I was as much awed by the new words as shaken and stirred. Second, on the list is “Awe walk”. “Awe” is a feeling of respect and so an “Awe walk” is when you take a walk outside and make an effort to look at the things around you. For most men, all walks are awe walks. I remember my first time in Hamburg, Germany when my friends took me to the city’s “red-light district” called the “Reeperbahn”.

It was a busy area with thousands of tourists taking in the sights that were not just there for sore eyes. They were there for the many women on both sides of the street displaying their wares, including whips and other tools of their trade. It was more than an “Awe walk”. I could have used another new word, “Hard pass” especially in the way I reacted to the ladies of the night. Mine was indeed “a firm (or very firm) refusal or rejection of something (such as an offer).” I suppose, had I gone there after Star Wars came out, I could have described the ladies in what has recently been accepted by the Merriam-Webster as a new word, “Jedi” or “persons who show extraordinary skill or expertise in a specified field of endeavour.” In my case, I took one look at the whips, remembered my distant schooldays, and beat it.

“PPE” sounds very childish to me but it is the fifth and not the number one new word of 2021. It is another abbreviation but not for any bodily function. It means “Personal Protective Equipment” or, what in cricket we might consider “thinking outside the box.” What it amounts to, boxed in by COVID-19, is clothing people wear to protect themselves from danger, like masks, gloves face shields and goggles.
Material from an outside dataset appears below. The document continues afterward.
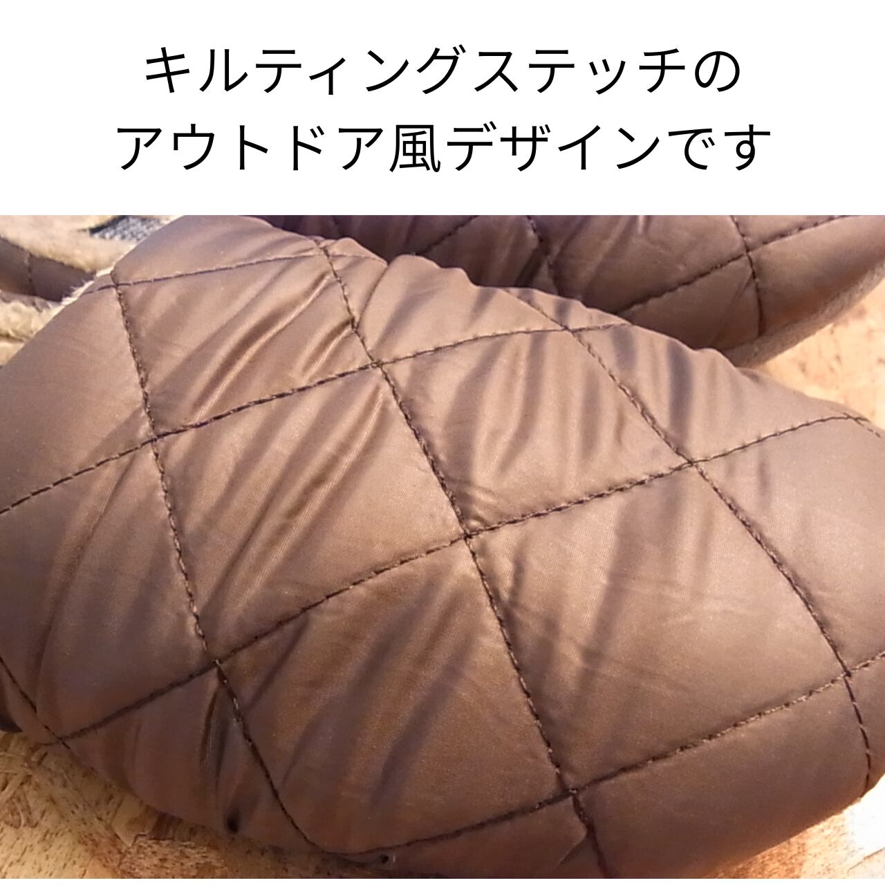 内側は極上のふかふかボア仕様で、冷えた足を優しく、じんわりと温めます。外側はおしゃれなキルティングデザインを採用し、アウトドアライクなスタイルを実現。超軽量設計と、歩いても静かなスエード調の底材で、機能性も抜群です。

Really, COVID has caused not just some new restrictions and limitations but also new words and abbreviations. There is one with the “F” word – “WFH” or “Working From Home” which is now the norm. There is “Long hauler” or “someone who experiences one or more long-term effects following initial improvement or recovery from a series illness.” There are two others “Pod” and “Bubble” to describe people who stay within a very small group.

The ones that I like most because they apply to me are “Silver fox” which was also the nickname of former Trinidad prime-minister, Basdeo “Bas” Panday, because it describes “an attractive middle-aged man having mostly grey or white hair.” However, the reason I win in the wordplay is not just my way with words, but the fact that I make it clear to Panday “who’s the bas” by continuing to be “sapiosexual” or “a target of sexual or romantic attraction to highly intelligent people.”

*Tony Deyal was last seen insisting that he will never use the dictionary again because he looked up “obfuscate” and the definitions it gave him were confusing and misleading.